#### REQUIRED ACTION:
Starting with the line that contains "Կոտայքում բեռնատարը կոտրել" and stopping after the line that contains "Διαφημιστικό Σακίδιο-Ψυγείο από", copy the entries below exactly. Include nothing else.

#### STUDY MATERIAL:
═══

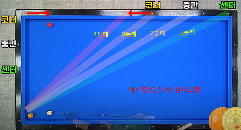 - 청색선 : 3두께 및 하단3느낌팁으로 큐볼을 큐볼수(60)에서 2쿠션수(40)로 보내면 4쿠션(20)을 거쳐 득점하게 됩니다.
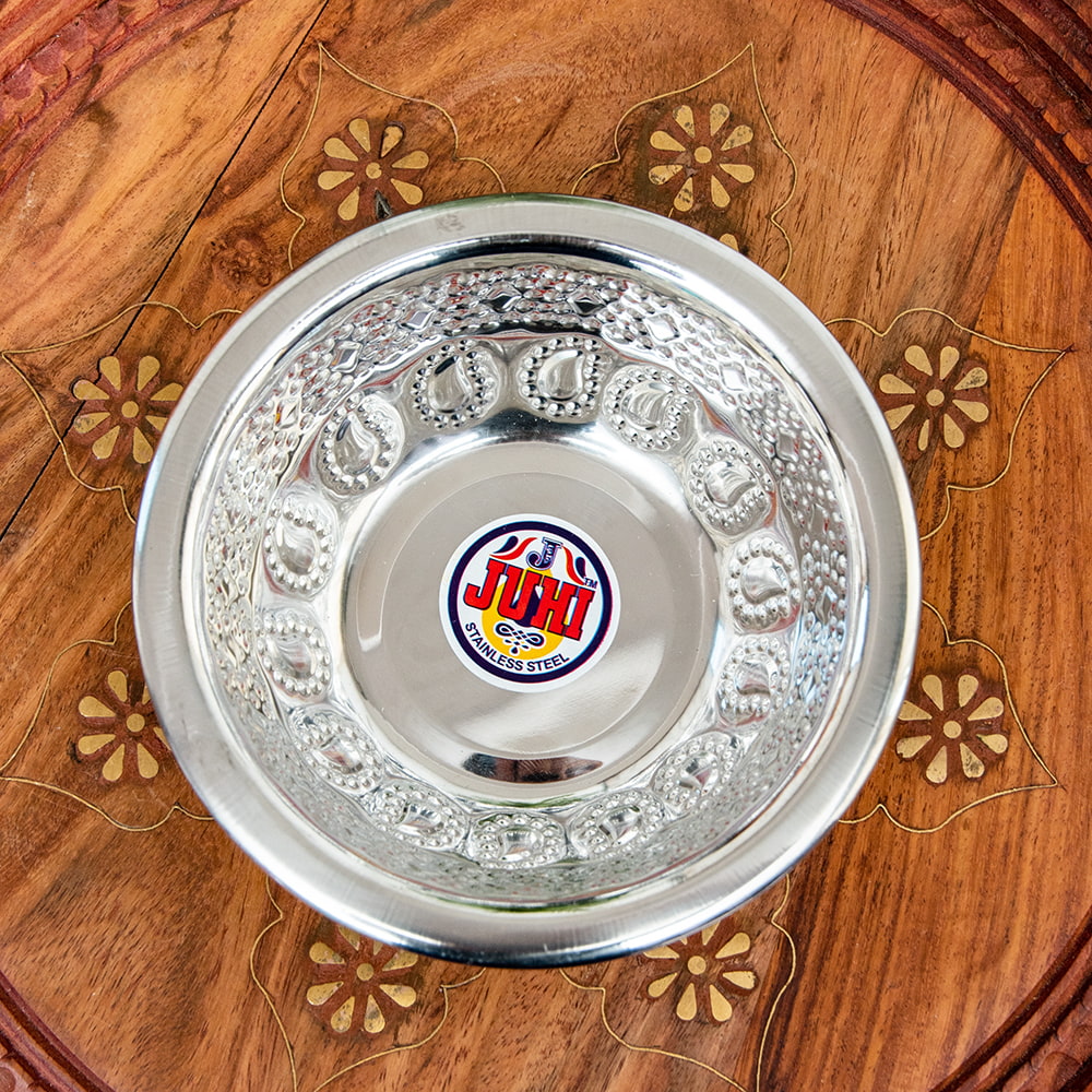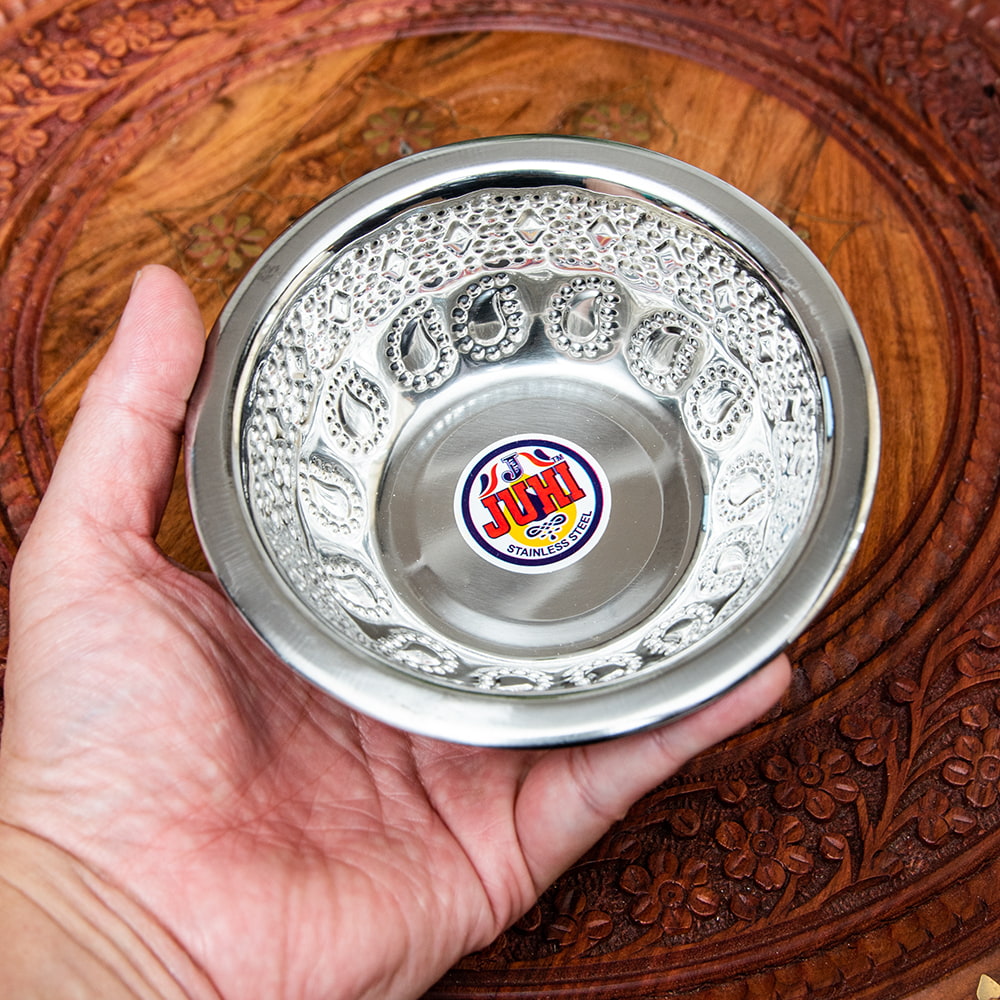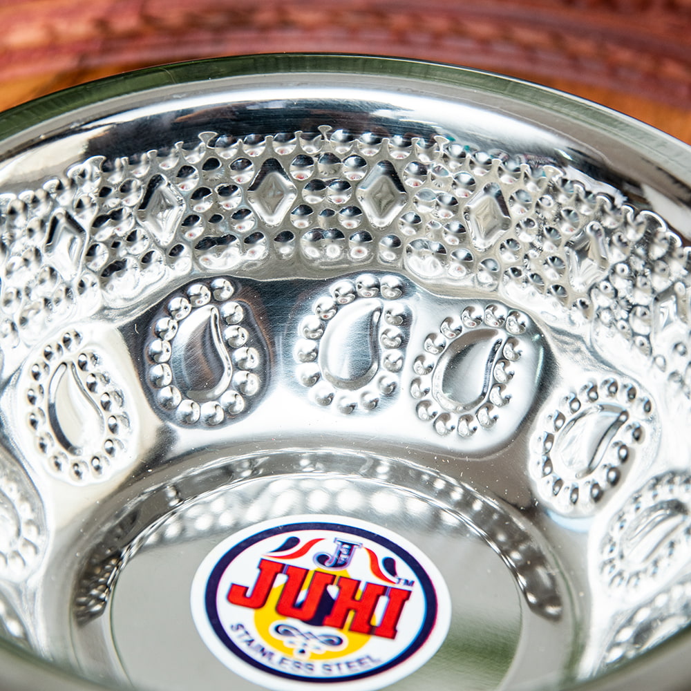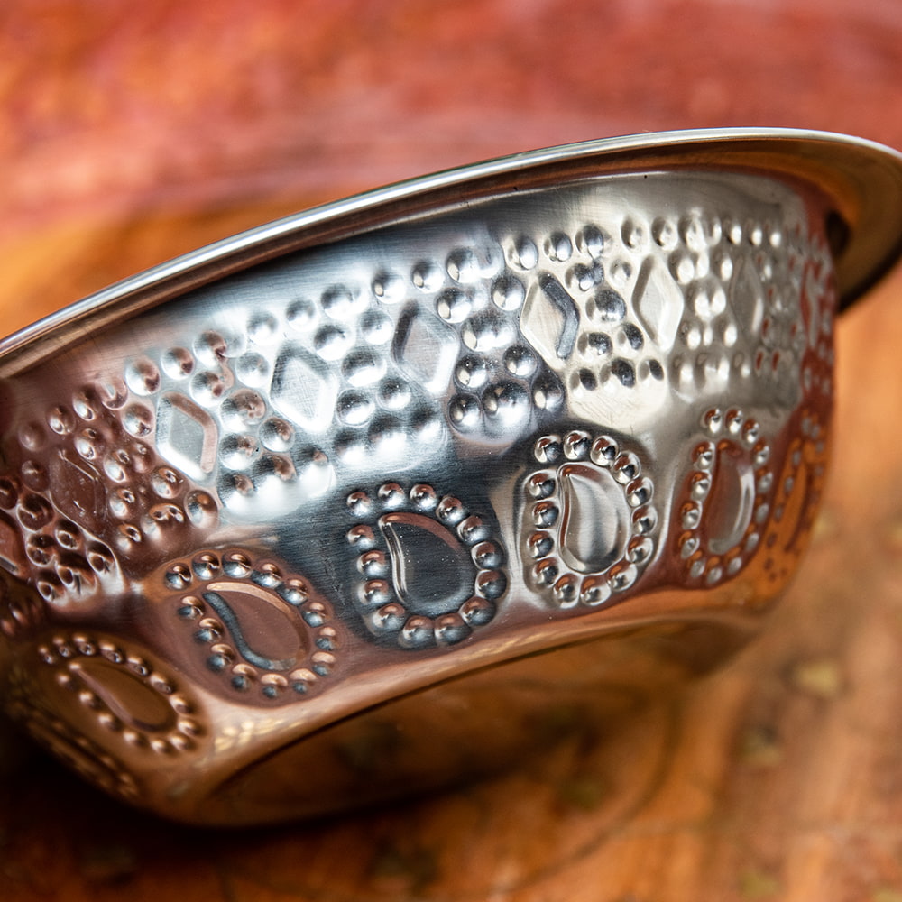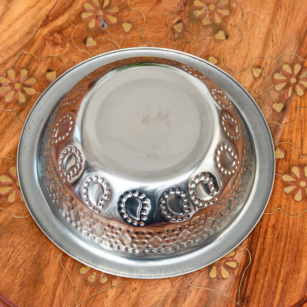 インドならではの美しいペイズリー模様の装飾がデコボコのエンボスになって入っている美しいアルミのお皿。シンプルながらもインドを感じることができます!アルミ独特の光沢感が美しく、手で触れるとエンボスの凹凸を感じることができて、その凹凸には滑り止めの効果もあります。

═══

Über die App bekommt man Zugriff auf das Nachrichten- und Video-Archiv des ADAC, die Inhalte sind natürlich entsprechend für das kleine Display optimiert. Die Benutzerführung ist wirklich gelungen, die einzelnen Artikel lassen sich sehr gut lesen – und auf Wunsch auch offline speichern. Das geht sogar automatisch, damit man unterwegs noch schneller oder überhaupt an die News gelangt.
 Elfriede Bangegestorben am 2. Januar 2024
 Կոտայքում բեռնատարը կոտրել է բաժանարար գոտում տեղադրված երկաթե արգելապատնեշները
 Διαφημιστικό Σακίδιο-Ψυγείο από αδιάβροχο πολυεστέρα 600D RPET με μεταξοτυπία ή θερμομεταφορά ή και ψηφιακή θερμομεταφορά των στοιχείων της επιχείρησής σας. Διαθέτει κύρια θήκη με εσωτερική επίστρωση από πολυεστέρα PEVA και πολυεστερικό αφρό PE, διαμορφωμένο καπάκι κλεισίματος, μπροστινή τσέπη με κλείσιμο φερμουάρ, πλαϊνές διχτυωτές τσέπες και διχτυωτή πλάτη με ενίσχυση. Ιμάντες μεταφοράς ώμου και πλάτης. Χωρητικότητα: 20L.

═══

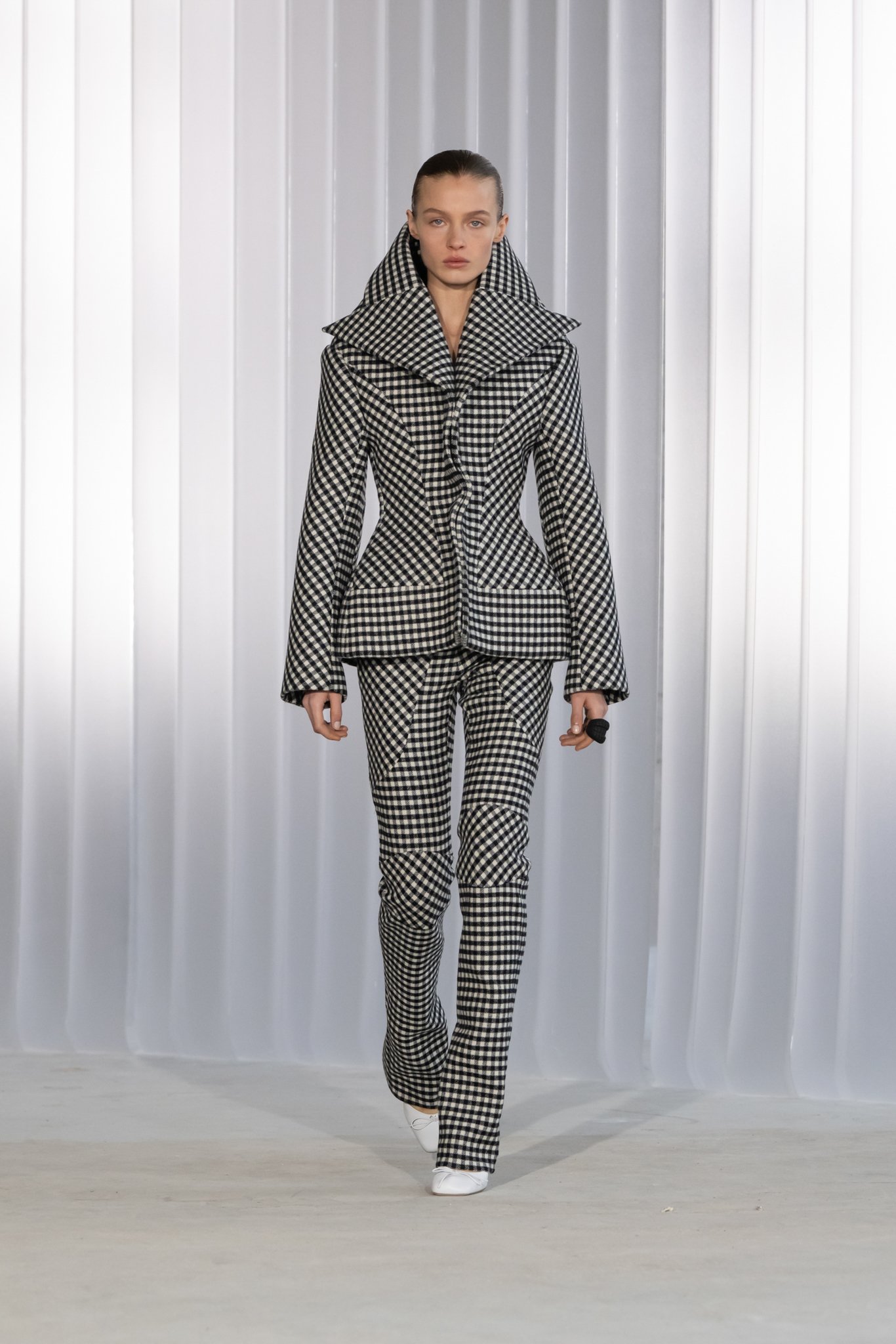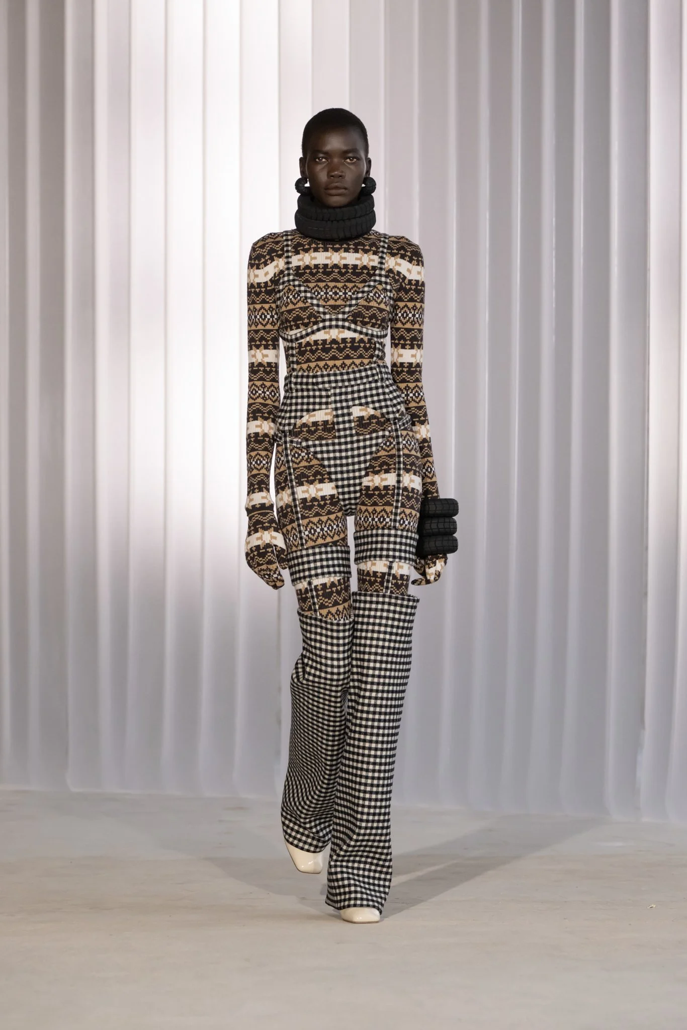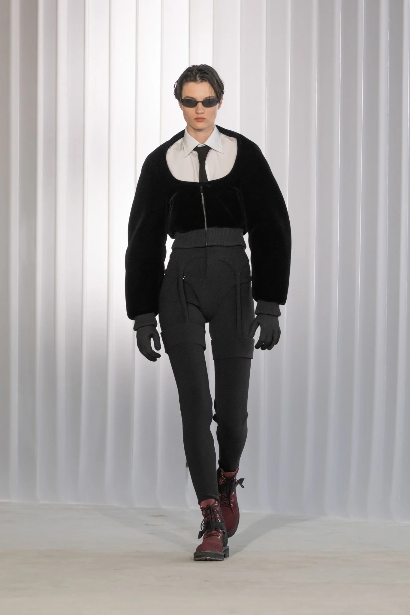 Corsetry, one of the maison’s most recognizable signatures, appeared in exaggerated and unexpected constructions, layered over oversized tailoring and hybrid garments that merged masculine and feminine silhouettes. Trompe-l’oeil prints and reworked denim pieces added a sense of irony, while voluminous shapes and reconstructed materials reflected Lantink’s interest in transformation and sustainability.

═══

#### RESULT BELOW:
 Կոտայքում բեռնատարը կոտրել է բաժանարար գոտում տեղադրված երկաթե արգելապատնեշները
 Διαφημιστικό Σακίδιο-Ψυγείο από αδιάβροχο πολυεστέρα 600D RPET με μεταξοτυπία ή θερμομεταφορά ή και ψηφιακή θερμομεταφορά των στοιχείων της επιχείρησής σας. Διαθέτει κύρια θήκη με εσωτερική επίστρωση από πολυεστέρα PEVA και πολυεστερικό αφρό PE, διαμορφωμένο καπάκι κλεισίματος, μπροστινή τσέπη με κλείσιμο φερμουάρ, πλαϊνές διχτυωτές τσέπες και διχτυωτή πλάτη με ενίσχυση. Ιμάντες μεταφοράς ώμου και πλάτης. Χωρητικότητα: 20L.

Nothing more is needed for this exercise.